For Clarence Chun (b.1975) and Luis Lorenzana (b.1979), CCxLL emerged from a mutual interest in engaging with one another’s respective approaches to the same painterly queries: composition, form, technique, and colour. In this collaboration, the longtime friends unveil a series of three modestly sized square canvases, where their visual languages interact and play on singular planes. To contextualise their collaborative works, MONO8 also presents a series of new and old paintings and works on paper by Chun and Lorenzana that offer insight into their individual practices.
Chun’s abstract paintings are intricate explorations of speed and time. The artist was trained at the Yale School of Art by abstract painter Jake Berthot who told Chun, “Your paintings are about speed, but you have to slow it down in order to show it.” These works’ compositional format informs the speed in which he paints; square depicts a slow speed, rectangle an average speed, and elongated landscapes the fastest. Each band traverses the canvas to suggest momentum and direction. Yet thick globs of paint disrupt these trajectories, asserting dimensionality and transitioning the work from the second dimension to the third.
A highly technical and precise painter, Chun utilises a three-part process to create his compositions. First, he washes the canvas with random colours of paint in thin stripes. Next, Chun carefully masks the surface with hand-cut strips of tape, varying in width. Last, he deploys what he calls the “micro” in which he adds small details spontaneously chosen and inspired from a number of resources that include memories from his life, pop culture and art historical references such as European modernity and East Asian painterly traditions. Chun’s recent paintings are also largely influenced by the ocean, which comprises a central part of his life in Oahu: “While swimming in the ocean, everything is in flux so my visual perception of my surroundings constantly changes. I love the fact that even the horizon line moves up, down, and even tilts.”
For Lorenzana, there is a similar preoccupation with challenging painting’s traditions. The Heads works emerged as the artist’s most recent series and plays upon portraiture’s art historical tradition. Earlier sketches like Mr Swabe (2014) or Drawing 2 (2016) already reveal Lorenzana’s preceding interest in distorting the genre as he renders impish and unsettling portraits of circus characters.
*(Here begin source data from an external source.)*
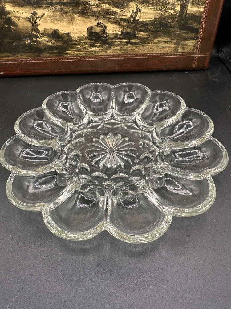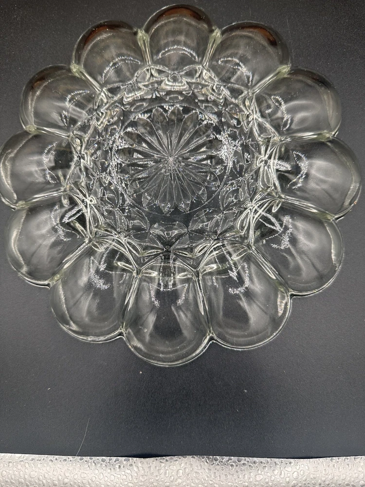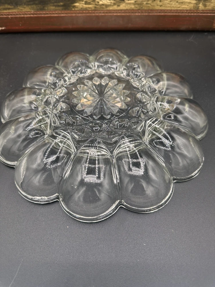 Vintage Anchor Hocking "Fairfield" Pattern Deviled Egg Plate Dish 10" D Clear. Condition is Used. Shipped with USPS Ground Advantage.
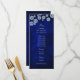 This is a stylish, rich looking wedding menu with the text in silver, and pretty silver white snowflakes on an elegant royal blue gradient background. The back of the card is the same royal blue. This card matches the "Elegant Blue Snowflake Winter Wedding Invitations" in my store. It can also be used for a variety of other formal winter dinner events.
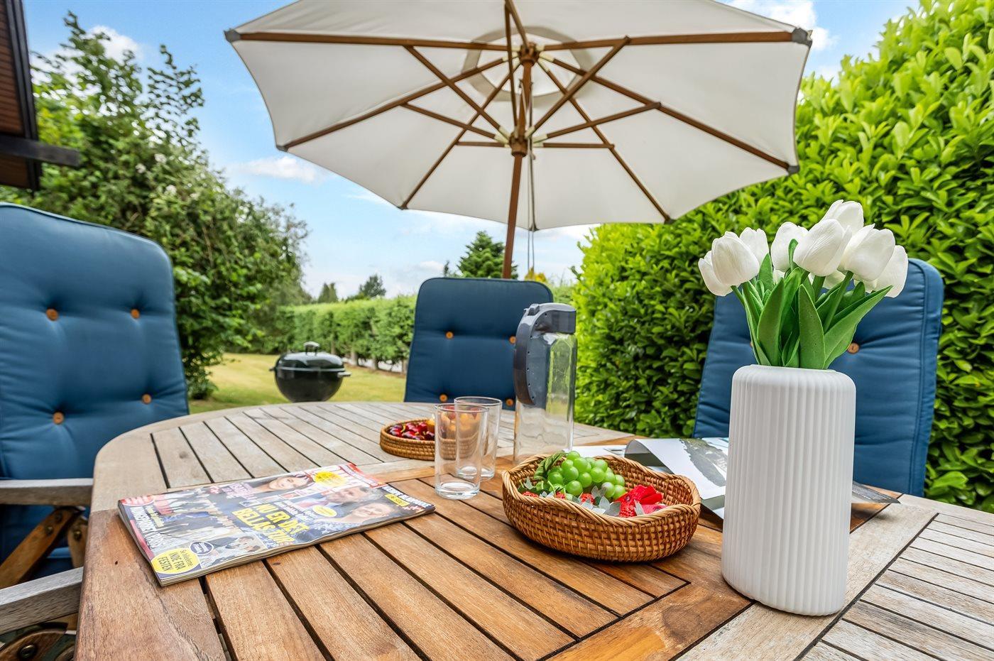 Nyd timer i det fri på husets terrasse, hvor du kan slappe af med en god bog eller nyde et måltid under åben himmel.

In his intimate 2024 series, Lorenzana departs from mimesis, opting instead to strip down, warp, and rebuild the sitter until they become completely abstracted. What remains are large, colourful, rectangular heads that occupy almost the entirety of the canvas.
In contrast to Chun, Lorenzana’s practice is entirely self-taught. His professional background in public administration and in the Philippine Senate makes him keenly attuned to people. This social intelligence is perhaps what informs his portraiture such that no two depictions are the same. Each is unique in the subtleties of colour and facial features. Some of his subjects are actual people, while others remain fictional. Inevitably, however, the complete anonymisation of each (real or fake) sitter’s physiognomy further augments Lorenzana’s interest in the nonrepresentational, transcending form and meaning.
Chun and Lorenzana’s joint works, CCxLL, riff on one another’s exploratory painting strategies. Chun uses his characteristic masking method to create Baconian demarcations of space, with bold angular bands adding depth against dark backgrounds. The bold angular bands imbue a sense of depth against the black backgrounds. Subtly rendered lines evoke landscapes, endowing a meta-like quality to the composition and engaging with the legacy and reinterpretation of tradition. Lorenzana’s signature heads, scaled down and scattered throughout the composition, rework the painterly surface in an almost disorienting manner. The visages’ undulating pattern, rendered in vivid colours, juxtapose the composition’s otherwise dark aura. In these co-authored works, Chun and Lorenzana push the boundaries of painting as a medium, creating pieces that are simultaneously elegant, intricate, and rich in meaning.